Word for word, restate every line of the material.

········

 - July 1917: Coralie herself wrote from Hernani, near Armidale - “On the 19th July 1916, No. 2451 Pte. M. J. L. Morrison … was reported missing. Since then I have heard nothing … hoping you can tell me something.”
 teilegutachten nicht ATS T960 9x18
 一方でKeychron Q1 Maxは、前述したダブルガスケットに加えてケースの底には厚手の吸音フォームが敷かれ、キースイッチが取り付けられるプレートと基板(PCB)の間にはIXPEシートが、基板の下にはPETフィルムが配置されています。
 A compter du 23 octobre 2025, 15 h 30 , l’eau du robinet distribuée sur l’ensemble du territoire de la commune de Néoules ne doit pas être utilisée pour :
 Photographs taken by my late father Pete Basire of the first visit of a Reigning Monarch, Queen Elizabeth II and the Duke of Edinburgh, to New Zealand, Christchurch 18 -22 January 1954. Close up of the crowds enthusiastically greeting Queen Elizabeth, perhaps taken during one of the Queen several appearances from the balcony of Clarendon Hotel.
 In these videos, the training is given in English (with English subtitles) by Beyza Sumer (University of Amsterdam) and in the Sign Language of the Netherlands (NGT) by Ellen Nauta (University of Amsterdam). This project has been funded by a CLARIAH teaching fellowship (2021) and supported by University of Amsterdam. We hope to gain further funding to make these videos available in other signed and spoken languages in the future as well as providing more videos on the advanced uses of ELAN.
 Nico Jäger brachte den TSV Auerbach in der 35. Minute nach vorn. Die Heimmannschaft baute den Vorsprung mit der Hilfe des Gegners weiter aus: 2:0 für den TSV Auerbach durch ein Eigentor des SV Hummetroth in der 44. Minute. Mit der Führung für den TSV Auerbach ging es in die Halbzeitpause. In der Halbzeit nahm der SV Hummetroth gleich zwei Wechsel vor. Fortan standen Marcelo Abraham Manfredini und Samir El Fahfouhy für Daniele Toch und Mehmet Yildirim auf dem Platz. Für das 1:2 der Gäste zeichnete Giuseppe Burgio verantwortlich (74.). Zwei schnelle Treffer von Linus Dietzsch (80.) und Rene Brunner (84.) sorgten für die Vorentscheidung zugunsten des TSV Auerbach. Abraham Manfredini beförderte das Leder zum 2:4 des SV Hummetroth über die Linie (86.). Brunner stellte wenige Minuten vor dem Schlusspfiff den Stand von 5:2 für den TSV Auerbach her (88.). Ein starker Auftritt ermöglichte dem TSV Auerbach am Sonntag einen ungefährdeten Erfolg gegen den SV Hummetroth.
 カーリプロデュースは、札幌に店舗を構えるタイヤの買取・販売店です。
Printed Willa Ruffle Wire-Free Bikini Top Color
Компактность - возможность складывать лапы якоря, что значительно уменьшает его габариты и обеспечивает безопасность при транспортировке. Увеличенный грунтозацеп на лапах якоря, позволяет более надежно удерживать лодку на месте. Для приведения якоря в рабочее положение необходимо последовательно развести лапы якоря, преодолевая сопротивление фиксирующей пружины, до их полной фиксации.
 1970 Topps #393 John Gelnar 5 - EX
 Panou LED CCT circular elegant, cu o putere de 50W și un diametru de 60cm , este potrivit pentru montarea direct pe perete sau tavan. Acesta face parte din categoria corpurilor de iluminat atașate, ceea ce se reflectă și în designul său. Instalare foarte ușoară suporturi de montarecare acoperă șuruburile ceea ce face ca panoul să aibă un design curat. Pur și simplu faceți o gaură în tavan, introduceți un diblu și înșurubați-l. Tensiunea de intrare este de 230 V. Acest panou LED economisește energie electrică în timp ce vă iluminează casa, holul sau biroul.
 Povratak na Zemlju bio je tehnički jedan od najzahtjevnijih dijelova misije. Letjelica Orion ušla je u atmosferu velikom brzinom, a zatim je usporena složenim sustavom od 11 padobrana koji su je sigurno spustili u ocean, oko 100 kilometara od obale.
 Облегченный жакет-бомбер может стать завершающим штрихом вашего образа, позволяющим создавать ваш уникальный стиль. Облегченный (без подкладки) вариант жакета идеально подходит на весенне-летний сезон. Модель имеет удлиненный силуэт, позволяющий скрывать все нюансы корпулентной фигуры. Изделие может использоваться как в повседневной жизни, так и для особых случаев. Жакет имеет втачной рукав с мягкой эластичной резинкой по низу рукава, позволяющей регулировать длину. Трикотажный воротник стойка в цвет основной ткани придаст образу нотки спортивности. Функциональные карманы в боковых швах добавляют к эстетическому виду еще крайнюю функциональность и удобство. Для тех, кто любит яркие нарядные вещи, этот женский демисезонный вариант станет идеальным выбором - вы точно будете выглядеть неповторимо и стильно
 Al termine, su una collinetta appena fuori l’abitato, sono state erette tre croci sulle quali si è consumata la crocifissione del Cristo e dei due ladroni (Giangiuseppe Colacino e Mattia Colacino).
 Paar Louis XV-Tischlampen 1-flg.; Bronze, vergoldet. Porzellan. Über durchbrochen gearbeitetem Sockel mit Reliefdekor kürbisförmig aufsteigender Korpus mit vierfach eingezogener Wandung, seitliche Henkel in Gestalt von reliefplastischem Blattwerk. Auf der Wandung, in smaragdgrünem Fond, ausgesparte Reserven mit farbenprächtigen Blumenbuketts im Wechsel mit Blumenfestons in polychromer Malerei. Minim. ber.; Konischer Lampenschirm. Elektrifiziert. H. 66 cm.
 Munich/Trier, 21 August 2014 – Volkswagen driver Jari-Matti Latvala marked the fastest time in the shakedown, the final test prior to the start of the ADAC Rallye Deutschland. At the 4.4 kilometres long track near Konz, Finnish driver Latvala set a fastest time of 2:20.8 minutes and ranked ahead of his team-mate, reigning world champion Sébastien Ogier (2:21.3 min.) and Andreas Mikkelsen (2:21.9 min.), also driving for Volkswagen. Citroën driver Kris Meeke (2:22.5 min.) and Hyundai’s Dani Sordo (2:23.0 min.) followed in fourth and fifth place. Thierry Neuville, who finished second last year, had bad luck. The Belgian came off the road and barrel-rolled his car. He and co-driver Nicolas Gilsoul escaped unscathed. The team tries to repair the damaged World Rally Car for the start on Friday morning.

········

▶ [OUTPUT FOR THIS TASK]:
 - July 1917: Coralie herself wrote from Hernani, near Armidale - “On the 19th July 1916, No. 2451 Pte. M. J. L. Morrison … was reported missing. Since then I have heard nothing … hoping you can tell me something.”
 teilegutachten nicht ATS T960 9x18
 一方でKeychron Q1 Maxは、前述したダブルガスケットに加えてケースの底には厚手の吸音フォームが敷かれ、キースイッチが取り付けられるプレートと基板(PCB)の間にはIXPEシートが、基板の下にはPETフィルムが配置されています。
 A compter du 23 octobre 2025, 15 h 30 , l’eau du robinet distribuée sur l’ensemble du territoire de la commune de Néoules ne doit pas être utilisée pour :
 Photographs taken by my late father Pete Basire of the first visit of a Reigning Monarch, Queen Elizabeth II and the Duke of Edinburgh, to New Zealand, Christchurch 18 -22 January 1954. Close up of the crowds enthusiastically greeting Queen Elizabeth, perhaps taken during one of the Queen several appearances from the balcony of Clarendon Hotel.
 In these videos, the training is given in English (with English subtitles) by Beyza Sumer (University of Amsterdam) and in the Sign Language of the Netherlands (NGT) by Ellen Nauta (University of Amsterdam). This project has been funded by a CLARIAH teaching fellowship (2021) and supported by University of Amsterdam. We hope to gain further funding to make these videos available in other signed and spoken languages in the future as well as providing more videos on the advanced uses of ELAN.
 Nico Jäger brachte den TSV Auerbach in der 35. Minute nach vorn. Die Heimmannschaft baute den Vorsprung mit der Hilfe des Gegners weiter aus: 2:0 für den TSV Auerbach durch ein Eigentor des SV Hummetroth in der 44. Minute. Mit der Führung für den TSV Auerbach ging es in die Halbzeitpause. In der Halbzeit nahm der SV Hummetroth gleich zwei Wechsel vor. Fortan standen Marcelo Abraham Manfredini und Samir El Fahfouhy für Daniele Toch und Mehmet Yildirim auf dem Platz. Für das 1:2 der Gäste zeichnete Giuseppe Burgio verantwortlich (74.). Zwei schnelle Treffer von Linus Dietzsch (80.) und Rene Brunner (84.) sorgten für die Vorentscheidung zugunsten des TSV Auerbach. Abraham Manfredini beförderte das Leder zum 2:4 des SV Hummetroth über die Linie (86.). Brunner stellte wenige Minuten vor dem Schlusspfiff den Stand von 5:2 für den TSV Auerbach her (88.). Ein starker Auftritt ermöglichte dem TSV Auerbach am Sonntag einen ungefährdeten Erfolg gegen den SV Hummetroth.
 カーリプロデュースは、札幌に店舗を構えるタイヤの買取・販売店です。
Printed Willa Ruffle Wire-Free Bikini Top Color
Компактность - возможность складывать лапы якоря, что значительно уменьшает его габариты и обеспечивает безопасность при транспортировке. Увеличенный грунтозацеп на лапах якоря, позволяет более надежно удерживать лодку на месте. Для приведения якоря в рабочее положение необходимо последовательно развести лапы якоря, преодолевая сопротивление фиксирующей пружины, до их полной фиксации.
 1970 Topps #393 John Gelnar 5 - EX
 Panou LED CCT circular elegant, cu o putere de 50W și un diametru de 60cm , este potrivit pentru montarea direct pe perete sau tavan. Acesta face parte din categoria corpurilor de iluminat atașate, ceea ce se reflectă și în designul său. Instalare foarte ușoară suporturi de montarecare acoperă șuruburile ceea ce face ca panoul să aibă un design curat. Pur și simplu faceți o gaură în tavan, introduceți un diblu și înșurubați-l. Tensiunea de intrare este de 230 V. Acest panou LED economisește energie electrică în timp ce vă iluminează casa, holul sau biroul.
 Povratak na Zemlju bio je tehnički jedan od najzahtjevnijih dijelova misije. Letjelica Orion ušla je u atmosferu velikom brzinom, a zatim je usporena složenim sustavom od 11 padobrana koji su je sigurno spustili u ocean, oko 100 kilometara od obale.
 Облегченный жакет-бомбер может стать завершающим штрихом вашего образа, позволяющим создавать ваш уникальный стиль. Облегченный (без подкладки) вариант жакета идеально подходит на весенне-летний сезон. Модель имеет удлиненный силуэт, позволяющий скрывать все нюансы корпулентной фигуры. Изделие может использоваться как в повседневной жизни, так и для особых случаев. Жакет имеет втачной рукав с мягкой эластичной резинкой по низу рукава, позволяющей регулировать длину. Трикотажный воротник стойка в цвет основной ткани придаст образу нотки спортивности. Функциональные карманы в боковых швах добавляют к эстетическому виду еще крайнюю функциональность и удобство. Для тех, кто любит яркие нарядные вещи, этот женский демисезонный вариант станет идеальным выбором - вы точно будете выглядеть неповторимо и стильно
 Al termine, su una collinetta appena fuori l’abitato, sono state erette tre croci sulle quali si è consumata la crocifissione del Cristo e dei due ladroni (Giangiuseppe Colacino e Mattia Colacino).
 Paar Louis XV-Tischlampen 1-flg.; Bronze, vergoldet. Porzellan. Über durchbrochen gearbeitetem Sockel mit Reliefdekor kürbisförmig aufsteigender Korpus mit vierfach eingezogener Wandung, seitliche Henkel in Gestalt von reliefplastischem Blattwerk. Auf der Wandung, in smaragdgrünem Fond, ausgesparte Reserven mit farbenprächtigen Blumenbuketts im Wechsel mit Blumenfestons in polychromer Malerei. Minim. ber.; Konischer Lampenschirm. Elektrifiziert. H. 66 cm.
 Munich/Trier, 21 August 2014 – Volkswagen driver Jari-Matti Latvala marked the fastest time in the shakedown, the final test prior to the start of the ADAC Rallye Deutschland. At the 4.4 kilometres long track near Konz, Finnish driver Latvala set a fastest time of 2:20.8 minutes and ranked ahead of his team-mate, reigning world champion Sébastien Ogier (2:21.3 min.) and Andreas Mikkelsen (2:21.9 min.), also driving for Volkswagen. Citroën driver Kris Meeke (2:22.5 min.) and Hyundai’s Dani Sordo (2:23.0 min.) followed in fourth and fifth place. Thierry Neuville, who finished second last year, had bad luck. The Belgian came off the road and barrel-rolled his car. He and co-driver Nicolas Gilsoul escaped unscathed. The team tries to repair the damaged World Rally Car for the start on Friday morning.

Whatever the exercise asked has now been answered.